HIKI NŌ Class of 2020, Part 2 of 4
HIKI NŌ

This is the second of four specials in which outstanding HIKI NŌ graduates from the Class of 2020 gather together to discuss their HIKI NŌ experiences and how they feel the skills they learned from HIKI NŌ will help them in college, the workplace and life. They also discuss their disrupted senior year of high school and thoughts on the future as they transition into adulthood during a worldwide pandemic.

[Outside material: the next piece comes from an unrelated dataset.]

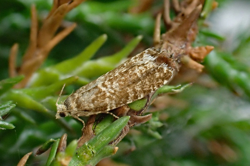 The species is fairly common throughout the British Isles in those areas where its foodplant, Norway spruce (Picea abies) occurs. In the Butterfly Conservation’s Microlepidoptera Report 2011 this species was classified as common.

This episode features Skylar Masuda, who graduated from H.P. Baldwin High School on Maui and is now pursuing a psychology and media double major at Pitzer College in California; Kallen Wachi, who graduated from Waimea High School on Kauaʻi and is now a commercial aviation major at the University of North Dakota in Grand Forks; and Anijah-Rose Tomacder, who graduated from Kapaʻa High School on Kauaʻi and is now studying creative media and film at Northern Arizona University.

Due to travel restrictions and social distancing guidelines, their conversation took place via Zoom, with HIKI NŌ Class of 2018 graduate Marlena Lang (now a journalism major at Biola University) serving as interviewer.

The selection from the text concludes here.